When a letter-of-the-law car meets a human driver, the self-driving car gets stuck. The self-driving car doesn’t roll (the law says no!), the human sees this and rolls forward, the self-driving car yields for safety…and another human shows up to take their place.

Self-driving cars had to learn to drive the way humans drive in order to function in the real world.

I see the same setup in the world of coding agents, but I think the dynamics here may be flipped.

Coding agents try to follow the letter of the law. Claude really wants me to set all the appropriate HTTP headers. But I know from experience that nobody much cares. The internet long ago settled on a norm of pragmatic permissiveness. The letter of the law (RFCs) says to do it, but the rules of the road (Postel’s Law) say that it is unimportant bordering on pedantic.

The self-driving car analogy suggests that coding agents will eventually adapt to human behavior.

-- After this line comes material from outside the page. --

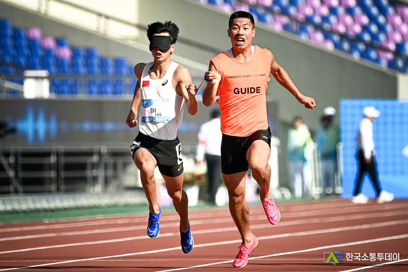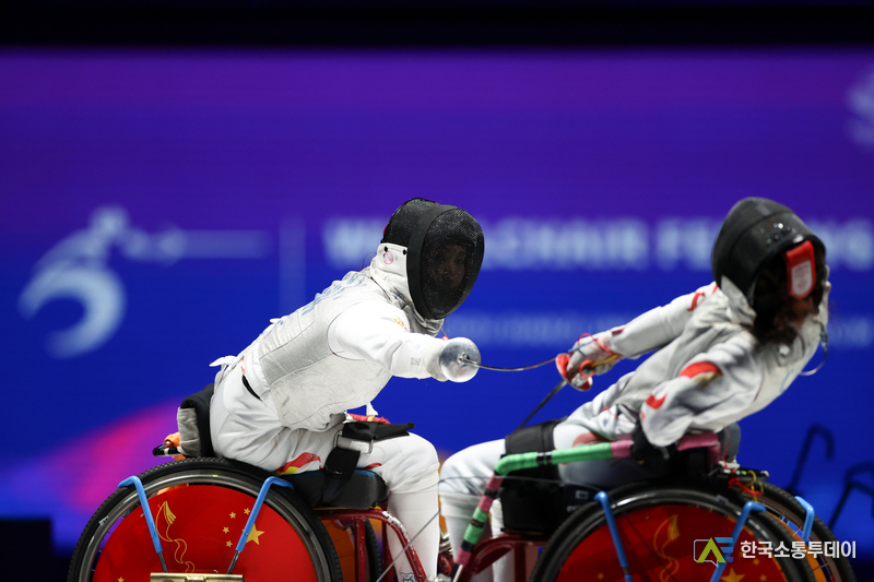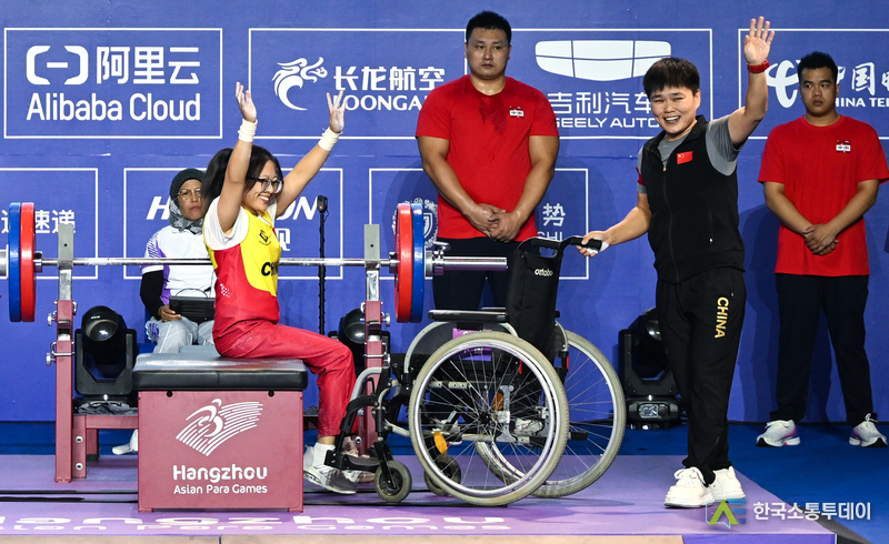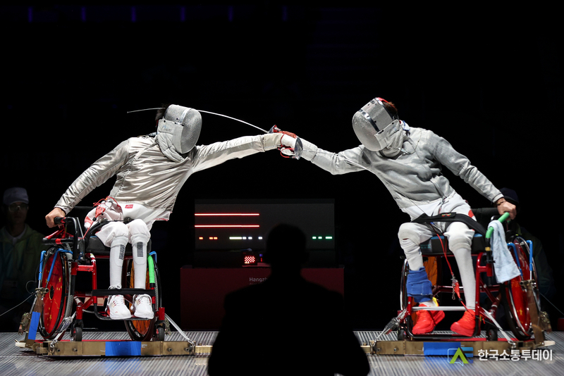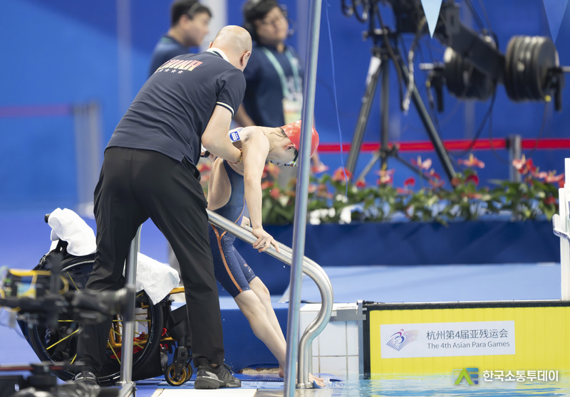 중국의 류위(劉玉) 선수가 24일 코치 리젠후이(李健輝)의 도움을 받아 물 밖으로 나오고 있다. 이날 '제4회 항저우(杭州) 아시안패러게임' 여자 200m 자유형 S5등급 결승전에서 중국의 류위 선수가 2분 55초 51의 기록으로 금메달을 획득하며 대회 신기록을 세웠다. (사진/신화통신)중국 장샤오퉁(張曉彤) 선수의 24일 경기 모습. '제4회 항저우 아시안패러게임' 여자 400m 자유형 S11등급 결승전에서 중국의 장샤오퉁 선수가 이날 5분 04초 48의 기록으로 금메달을 차지하며 해당 종목 아시아 신기록을 경신했다. (사진/신화통신)23일 중국의 펑옌커(馮彥可·왼쪽)와 장제(張傑)가 경기를 치르고 있다. 같은 날 '제4회 항저우 아시안패러게임' 휠체어 펜싱 남자 사브르 개인전 B등급 결승전이 항저우 전자과기대학에서 열렸다. 경기 결과 중국 선수들이 이 종목 1, 2, 3위를 모두 석권했다. (사진/신화통신)중국의 구하이옌(辜海燕) 선수(왼쪽)와 천위안둥(陳遠東) 선수가 23일 결승에서 맞붙었다. 이날 항저우 전자과기대학에서는 '제4회 항저우 아시안패러게임' 플뢰레 여자 플뢰레 개인 A등급 결승전이 열렸다. (사진/신화통신)24일 중국의 추이저(崔哲) 선수가 경기 중 대회 신기록을 세웠다. 같은 날 '제4회 항저우 아시안패러게임' 역도 여자 45㎏급 경기에서 중국의 추이저 선수가 116㎏를 들어 올려 대회 신기록을 세우며 금메달을 거머쥐었다. 인도네시아의 니 넹아 위디아시 선수와 카자흐스탄의 굴림 쿠르만바예바 선수가 뒤이어 2, 3위를 차지했다. (사진/신화통신)중국의 디둥둥(邸東東) 선수(왼쪽)와 가이드 러너 롄자겅(廉佳庚)이 24일 경기 중이다. '제4회 항저우 아시안패러게임' 육상 남자 100m T11등급 결승전에서 중국의 디둥둥 선수가 이날 11초 23의 기록으로 금메달을 획득했다. 중국의 자오핑안(趙平安) 선수와 예타오(葉濤) 선수는 각각 은메달과 동메달을 목에 걸었다. (사진/신화통신)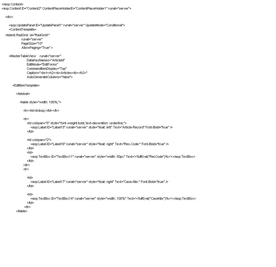 <td><asp:Label runat="server" ID="Label15" Text="Article:"></asp:Label></td>

But the cost of just letting Claude add the headers is low. This isn’t a noisy linter warning, it’s an automated code formatter. Claude fixes it for me reliably and the code weight is small. When the marginal cost of compliance is negligible, compliance rises.

As coding agents’ share of code written goes up, they may have a regularizing side-effect of slowly changing the rules of the road to match the letter of the law. Coding agents may do for internet standards what spell-checkers did for typos.